# New Toy and My First Hatch Chilis!



## dogboa (Oct 22, 2017)

This was my first experience using the rotisserie basket and roasting chilis in it. There was a learning curve as with most new equipment. I started out with a 2 zone fire, using charcoal baskets on each side of the rotisserie. I fired one chimney of charcoal and divided it between the 2 baskets. Dropped a couple of pecan 1/2 splits in each basket.








I found that although it worked, it was taking 25 to 30 minutes for roasting with very little charring. Plus I had 25# of chilis to roast. I put a third charcoal basket directly beneath the rotisserie basket, creating a third zone. This cut the time down to 10 minutes or so with a good amount of charring.

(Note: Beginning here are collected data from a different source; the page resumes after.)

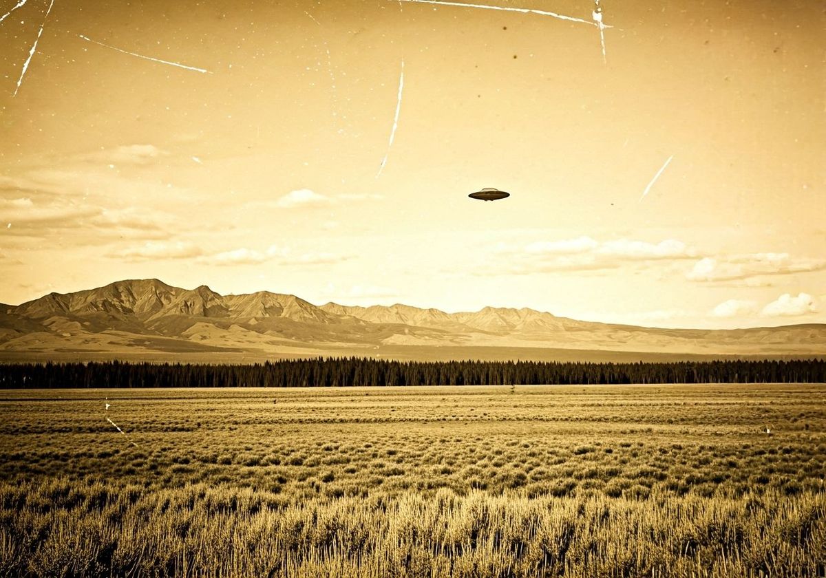 This image shows a faded vintage photograph of Yellowstone National Park in the 1930s. A small UFO is visible in the distance, adding a surreal element to the grainy, damaged print.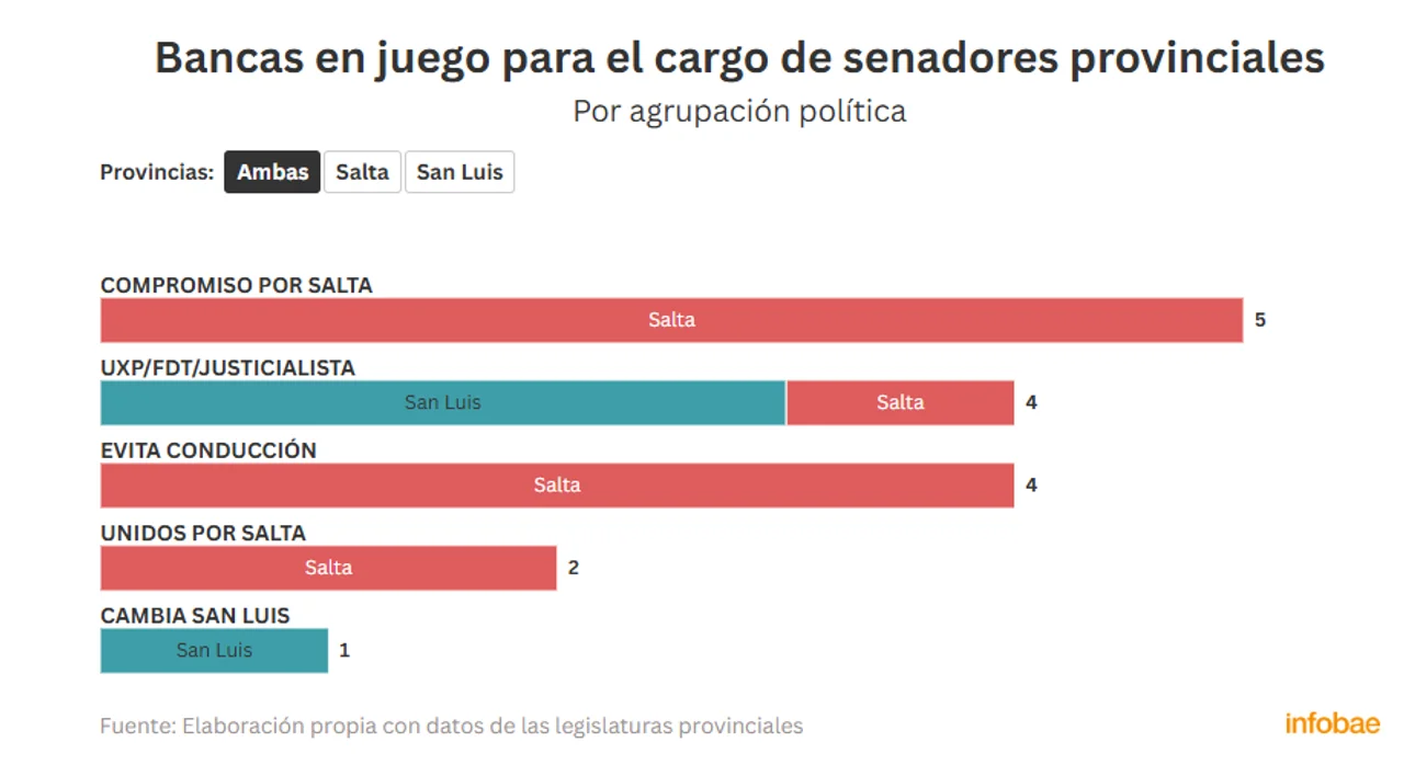 En cuanto a los senadores provinciales, en los dos distritos que eligen esos cargo, el partido que más arriesga es Compromiso por Salta (5 bancas). Le sigue el PJ con 4 bancas (3 de San Luis y 1 de Salta); y Evita Conducción, con 4 bancas de Salta.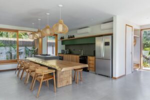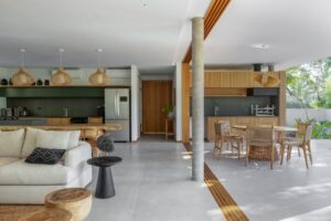 As cores foram escolhidas para criar um ambiente atemporal e acolhedor, com tons neutros como o cinza do concreto, a madeira natural, o branco e o verde da fachada. No térreo, a área social é ampla e integrada, com espaços generosos e aberturas que permitem ventilação e iluminação naturais. “Queríamos que os ambientes se conectassem de maneira fluida, criando uma experiência de total interação entre os moradores e o exterior”, explica Luíza Querido.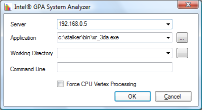 В случае сетевого режима нужно задать некоторые параметры в утилите System Analyzer: IP адрес, путь к исполнимому файлу приложения (на тестовой системе), рабочий каталог (если программой используется несколько исполнимых файлов) и командную строку, если это необходимо. Также есть возможность запуска с форсированной вершинной обработкой на CPU («Force CPU Vertex Processing»). В этом режиме драйвер выполняет всю обработку вершин на CPU, а не GPU.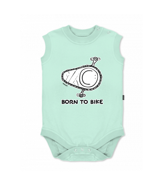 Baby body sleeveless with design for kid with design 1074 BORN TO BIKE in color MINT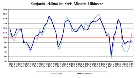 Das Konjunkturklima in Minden-Lübbecke mit 83 Punkten ist aktuell nur geringfügig besser als der Tiefstand in der damaligen Immobilien- und Finanzkrise 2008/2009.Die 100er-Linie steht für eine ausgeglichene Stimmung, bei der sich Optimisten und Pessimisten die Waage halten.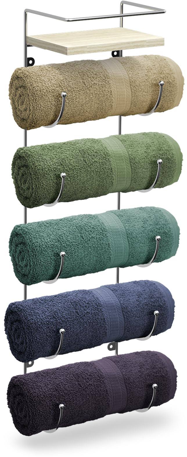 Sorbus 5-Tier Towel Rack with Wooden Top Shelf ,Silver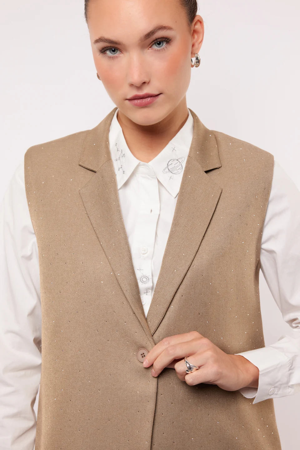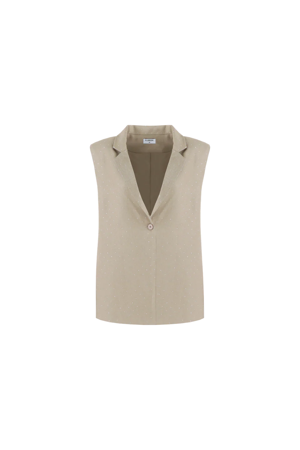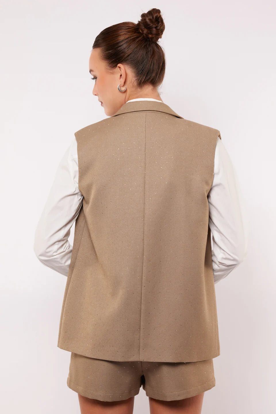 Say hello to sparkle! De JOELLE GILET is een classy gilet met een speelse twist dankzij de subtiele glans in de stof. Het mouwloze design en de nette kraag zorgen voor een krachtige look. Combineer met de YELENA SHORTS voor een coole two-piece met flair.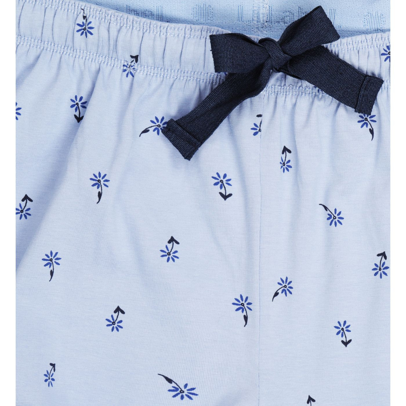 Stylish and sweet, the Bluebell Spots Sleepwear Set features a short-sleeve button-up top with matching shorts in a soft blue leopard print.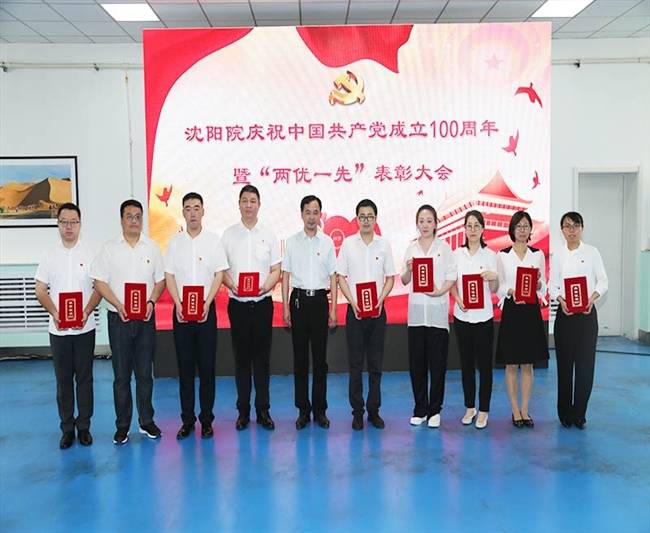 院党委书记、院长胥维昌为沈化测评公司党委、化工新材料所党支部、职能部门第二党支部颁发“先进基层党组织”奖牌。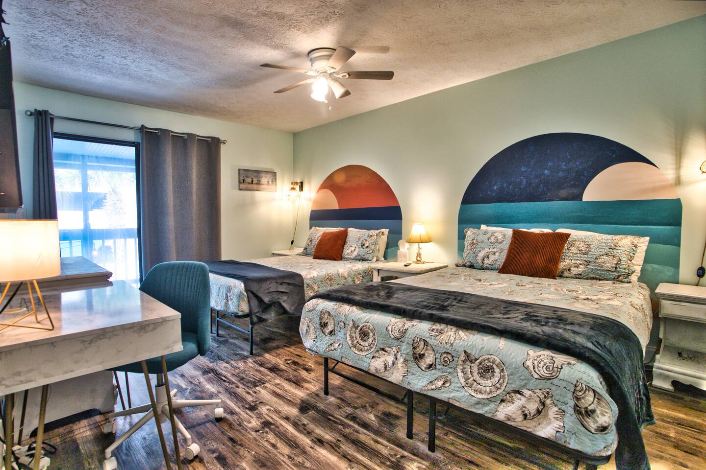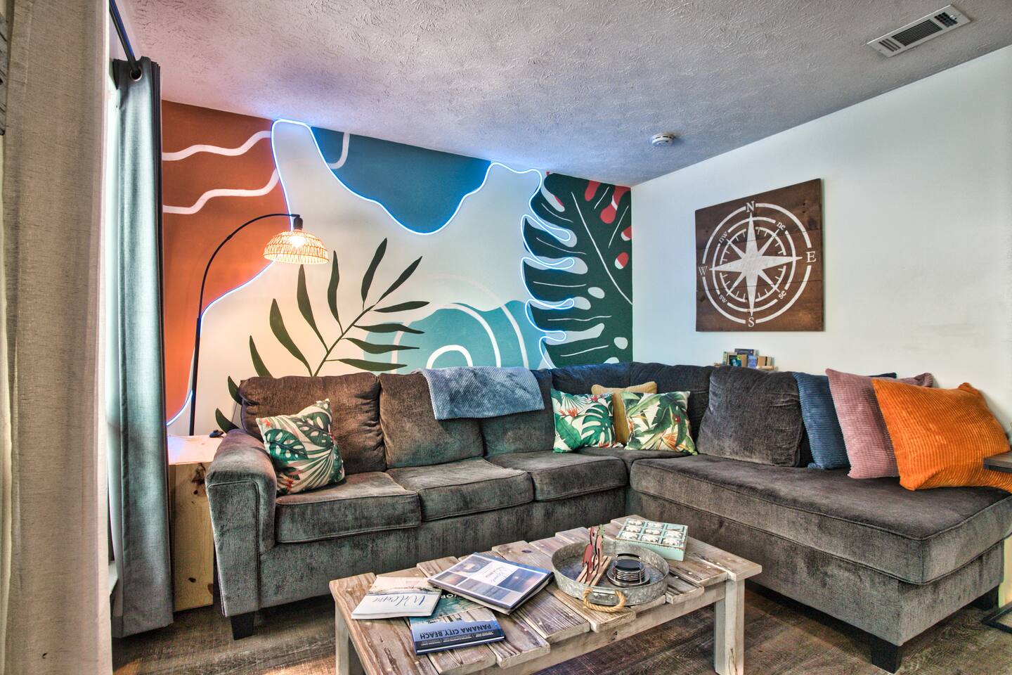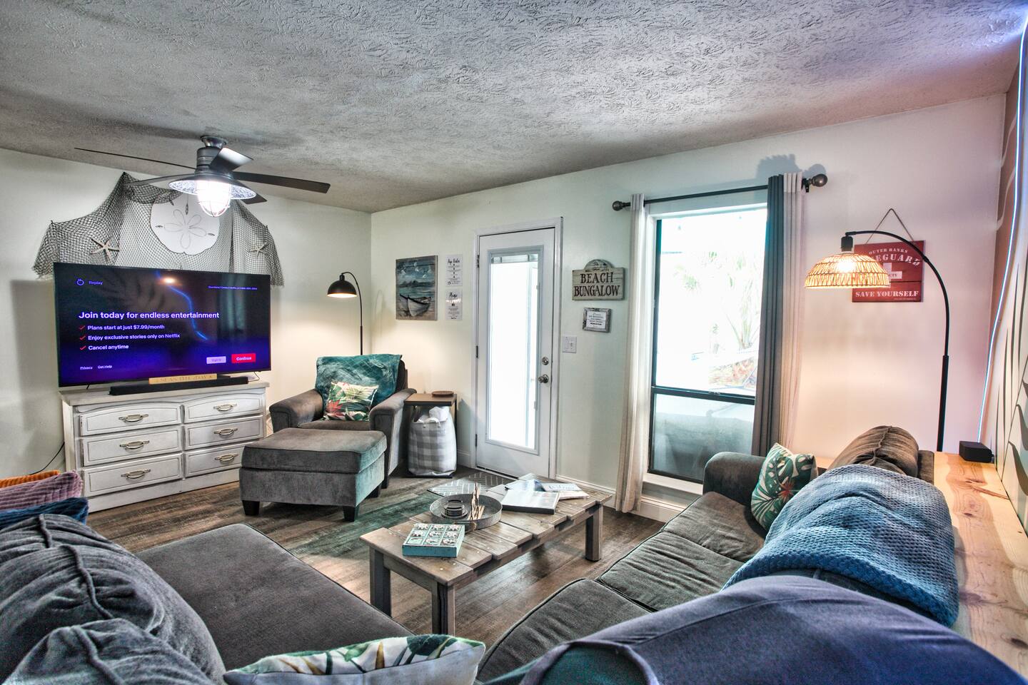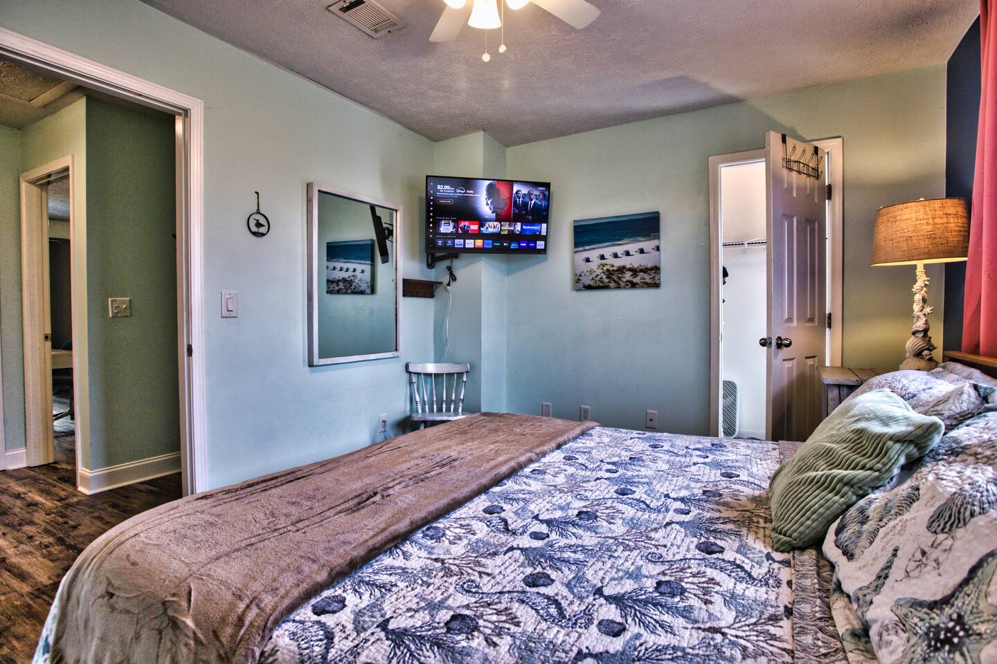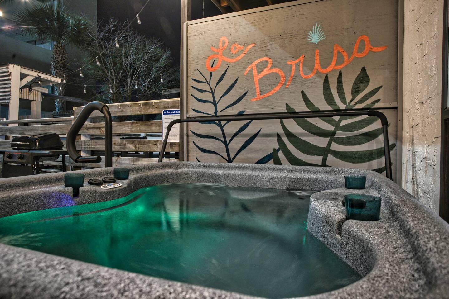 La Brisa: ✔Private Hot Tub ✔4-min walk to beach & restaurants ✔1 king, 2 queens, a pull-out ✔Cozy living room & reading nook ✔Full kitchen ✔1.5 baths ✔Kids' game closet ✔Outdoor shower ✔Beach essentials, cooler, wagon, towels, & games ✔Patio: hammock+fire table+grill ✔Laundry ✔Dedicated workspace ✔Wi-Fi & smart TVs ✔Heat & AC ✔Two parking spots Runaway Island, Hidden Lagoon & Arcade short walk Swampy Jack's Park 1.2 mi Margaritaville 1.4 mi Legacy Golf Club 1.6 mi Pier Park & Dog Beach 2.1 mi
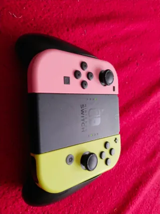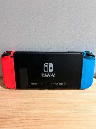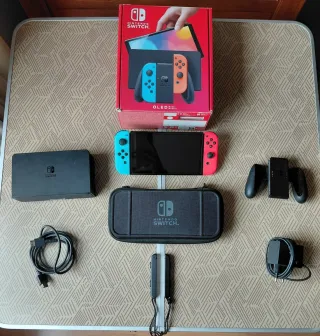 Consola Nintendo Switch OLED con Joy-Cons en azul y rojo. Incluye todos los accesorios originales y de regalo una funda para guardarla. Incluye: - Nintendo Switch - Base de carga para Nintendo Switch. - Joy-Con Grip. - Cable HDMI. - Adaptador de corriente. - Cable de carga - Funda para guardarla

The other important step is to cut the dang stems off the chilis down to nubs! Otherwise they get caught in the rotisserie basket grates and won't allow the chilis to tumble correctly.
	

	
	
		
		



		
		
	


	





Next is a trip to the Bodega market for some red Japs!


----------



## SmokinAl (Oct 22, 2017)

Looks cool!
I like the setup!
Al


----------



## smokeymose (Oct 22, 2017)

Great! Another gadget I don’t need.
I want one.


----------



## sauced (Oct 30, 2017)

Nice....I really like that!!! You can't beat those fire roasted chilis


----------



## browneyesvictim (Oct 30, 2017)

DROOL! Love me some green chilies! Wood fire roasted on a rotisserie- Points my friend!


----------



## Rings Я Us (Oct 30, 2017)

You could put peanuts in there too.. lol Neat.


----------